▶ _What is expected_: Once "A black map" turns up in a line below, reproduce that line and those after it exactly, stopping after the line with "Exploratology fonctionne sur"; leave pictures out.

Dataset items:
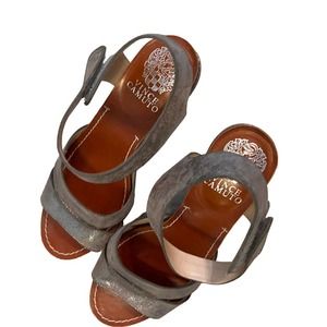Vince Camuto set a bold ankle strap atop a platform heel for a boho-chic finish. Combining modern appeal and retro-inspiration. Wear them with your favorite pair of jeans and a light sweater.
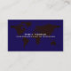 A black map of the world on a simple and elegant dark blue business card... perfect for a travel agent or any other international relations professional.
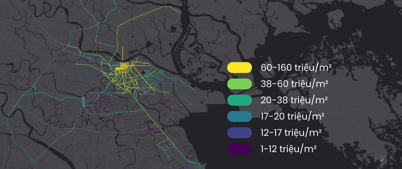 Không bất ngờ khi TP.HCM và Hà Nội dẫn đầu cả nước về số tuyến đường vượt ngưỡng 100 triệu đồng/m², bởi đây là hai đô thị có quy mô dân số và kinh tế lớn nhất.
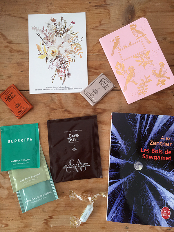 Exploratology fonctionne sur le principe d’un abonnement (ouiiii une box). Tous les mois, vous recevez dans votre boite aux lettres un carton fermé par du joli scotch (c’est tout bête mais j’adore). Et dans ce carton ? Un livre (ou plusieurs selon l’abonnement que vous choisissez), des sachets de thé, des petits bonbons, des jolies cartes, voire parfois un petit cadeau supplémentaire comme du chocolat ou un petit carnet. Le contenu parfait non ?
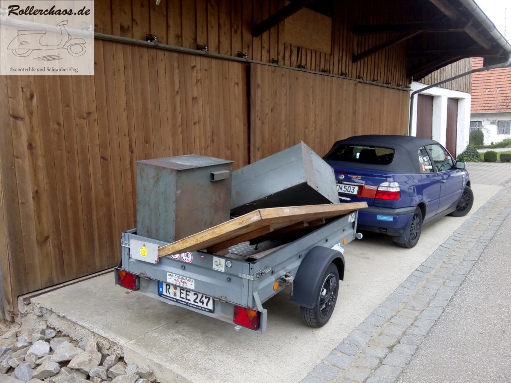 Nicht weggeworfen, aber weggegeben wird außerdem auch der Mopedanhänger. Ganz ehrlich? Ich brauche das Ding nicht und es raubt nur Platz und Zeit, die ich viel lieber in andere Projekte stecken würde. Falls sich jemand findet, der das Fahrgestell nimmt und fertig macht, kann er es gerne haben. Ansonsten geht es zurück an Ronny, von dem ich es ja ursprünglich übernommen hatte.
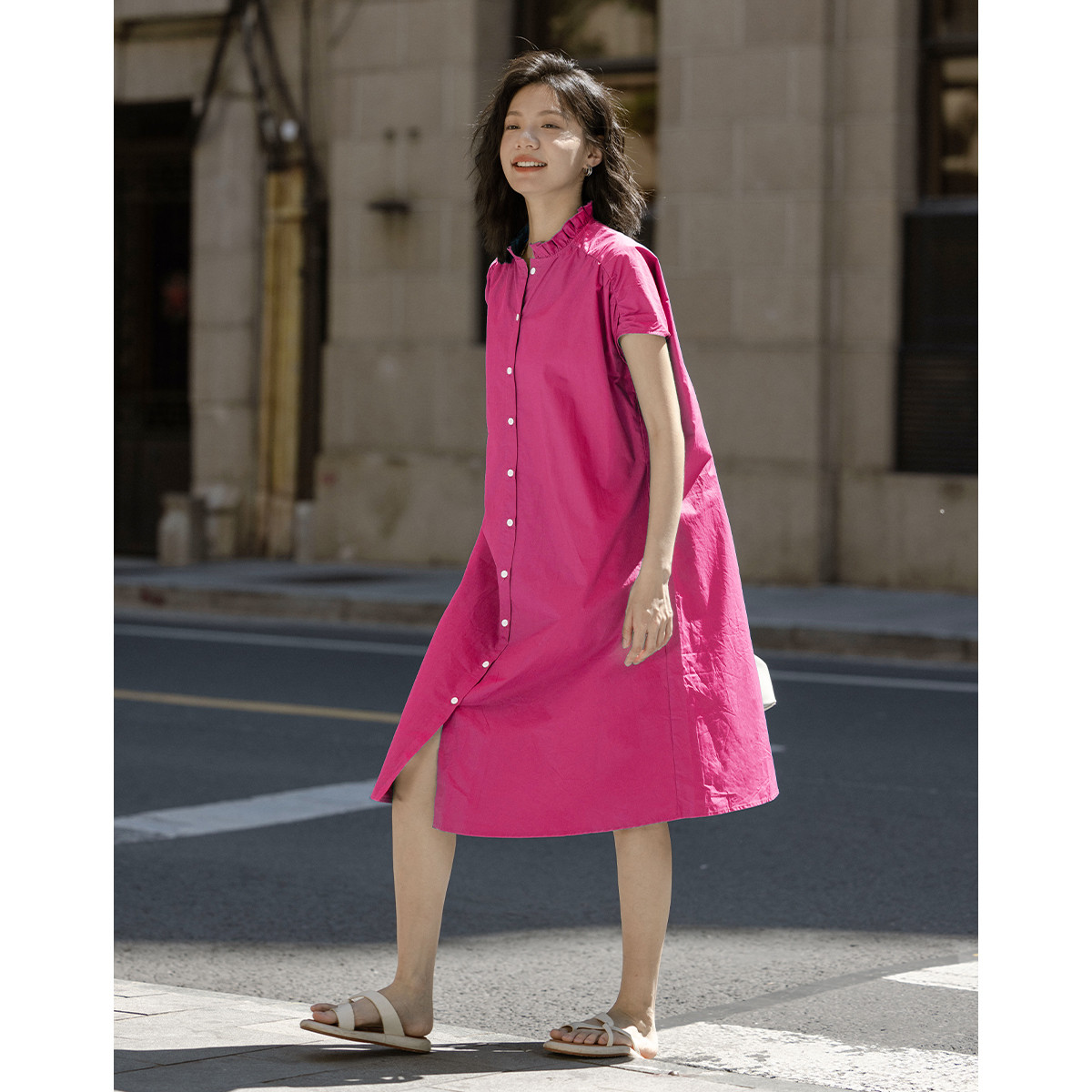 【多巴胺玫红衬衫裙】夏肩部抽褶设计长短袖中长款连衣裙 149378

▶ _Task solution_:
 A black map of the world on a simple and elegant dark blue business card... perfect for a travel agent or any other international relations professional.
 Không bất ngờ khi TP.HCM và Hà Nội dẫn đầu cả nước về số tuyến đường vượt ngưỡng 100 triệu đồng/m², bởi đây là hai đô thị có quy mô dân số và kinh tế lớn nhất.
 Exploratology fonctionne sur le principe d’un abonnement (ouiiii une box). Tous les mois, vous recevez dans votre boite aux lettres un carton fermé par du joli scotch (c’est tout bête mais j’adore). Et dans ce carton ? Un livre (ou plusieurs selon l’abonnement que vous choisissez), des sachets de thé, des petits bonbons, des jolies cartes, voire parfois un petit cadeau supplémentaire comme du chocolat ou un petit carnet. Le contenu parfait non ?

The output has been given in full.